MB: Quando ero studente all’Accademia di Berlino, ho cominciato ad annoiarmi di leggere di arte e ho iniziato a interessarmi di letteratura sull’architettura, per via della filosofia e stranamente a causa del libro All the things I know but of which I am not at the moment thinking di Robert Barry. Il linguaggio è sempre stato un tema centrale per me. Il primo multiplo che ho fatto nel ’93 era una citazione di Thomas Bernhard sulla necessità di un uomo di camminare 15 o 20 passi indisturbato in una direzione di una stanza… Leggere saggi o interviste con Tschumi o Eisenman, Loos, Site e altri è stato molto divertente e ha influenzato il mio modo di pensare, subito dopo ho iniziato a leggere di genere e di architettura. Se si lavora con la scultura o in maniera installativa è quasi impossibile non considerare l’architettura, in effetti la mia formazione intellettuale è stata concettualmente influenzata dal Minimalismo che ha definito l’idea di scultura come architettura. Non ho mai fatto un lavoro su un edificio particolare, non sono interessata a criticare uno specifico architetto, e se, perché è qualcuno (ed è quasi sempre un lui) che ha rappresentato, influenzato, in maniera esemplare la cultura e il modo di fare/pensare l’architettura in un certo periodo. La maggior parte degli architetti erano/sono anche scrittori versatili e scrivono quasi su tutto. Io sono interessata all’architettura tout court. Uno può, se vuole, evitare la gente, ma con l’architettura si ha sempre da fare… In questo senso forse la odio, come limitazione di spazio con cui si ha sempre da fare. Tutti hanno bisogno di un tetto, qualche parete, a volte alcune porte… Non esiste memoria, identità senza architettura: è qualcosa di talmente indispensabile ed elementare, che può allo stesso tempo svilupparsi in forme virtuose di tutti i tipi (e non sto solo parlando del lato materiale/costruttivo dell’architettura). Il sistema dell’architettura è uno specchio di quello dell’arte: solo più grande, più ricco e più complesso, non solo nelle sue implicazioni politiche.
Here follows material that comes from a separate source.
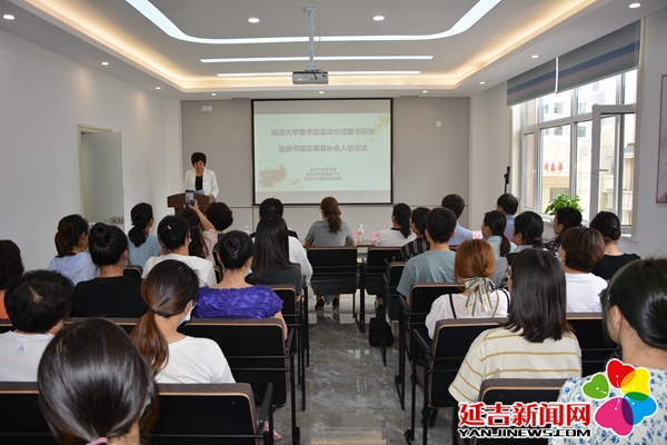 7月6日下午,延边大学图书馆赴延吉市党群服务中心开展“延边大学图书馆流动分馆图书捐赠暨图书馆志愿者协会入驻仪式”,延边大学图书馆馆长崔香淑、公园街道党工委副书记、办事处主任戚霞、延吉市党群服务中心主任林松淑及各社区书记及居民代表50余人参加了活动。
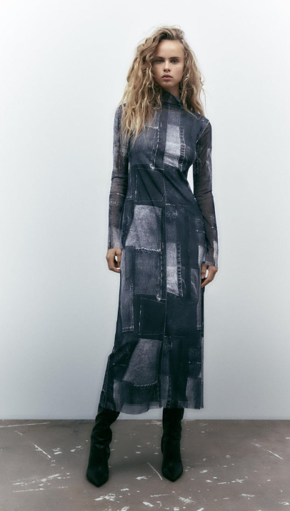 La originalidad personificada. No hace falta diseños con agujeros por lugares de lo más curiosos y colores tan vivos que te sangran los ojos al verlo, sino que es tan sencillo como coger un diseño de toda la vida y darle un toque diferente con un material tan básico como el vaquero. El vestido tul patchwork de Zara está disponible en la página web de la tienda y en sus establecimientos por el módico precio de 35,95 euros. Una pieza con un corte skinny que perfila la silueta, unas mangas largas y un cuello vuelto que estiliza la cara.

MG: Ho la sensazione che il tuo lavoro sia passato da un riferimento più preciso all’architettura a una riflessione più subdola o complessa sul desiderio, che è un altro elemento ricorrente nel tuo lavoro, come in Stonewall, Black, Blind Shot (WallSucker) e in molti dei recenti disegni in bianco e nero con riferimenti alla rivolta. Uno dei tuoi lavori è intitolato semplicemente Desire. Quindi vorrei chiederti una cosa molto semplice o forse perfino stupida: perché il desiderio è così importante?
MB: La “madre dell’arte” (l’architettura) è impregnata di desiderio… Il primo lavoro con evidenti riferimenti estetici S/M è Fetishism of Commodity (dal ben noto saggio di Marx), che ha preso spunto da ciò che definisco il “feticismo materiale” nei lavori di Mies van der Rohe. L’opera Desire è una scultura su larga scala fatta di alluminio e lettere in acciaio inossidabile lucidato che riflettono ciò che succede di fronte: il desiderio non è mai in uno stato di immobilità. Anche Turning Walls è una scultura che si confronta con un “desiderio” architettonico dal carattere più popolare: la creatività casalinga del design di strada americano espresso nella creazione di cancelli, ringhiere, ecc. “‘Il desiderio’ di architettura è ‘inciso nella pietra’ ma così è la violenza che porta alla sua soddisfazione” scrive N. Leach. Il lavoro Built for Crime si riferisce anche a questo: non c’è rivoluzione senza architettura e non c’è rivoluzione senza desiderio. Il desiderio è uno stato d’essere, non è un problema. Nei recenti disegni e dipinti in bianco e nero su larga scala, ho unito immagini di edifici a citazioni relative al concetto di rivolta di Anaïs Nin, Julia Kristeva e Anne Sexton. Nessuna rivolta senza desiderio. E niente di tutto questo senza il femminismo.
MG: Sei una sadica? O una masochista? Nei confronti degli spettatori intendo…
MB: Verso gli spettatori forse un po’ sadica: perché chiedo, esigo una reazione. Sono una sadica soft, se vuoi. Nel senso che cerco la discussione, non la devozione.
MG: Cosa ti piace di più, il cuoio o il cemento?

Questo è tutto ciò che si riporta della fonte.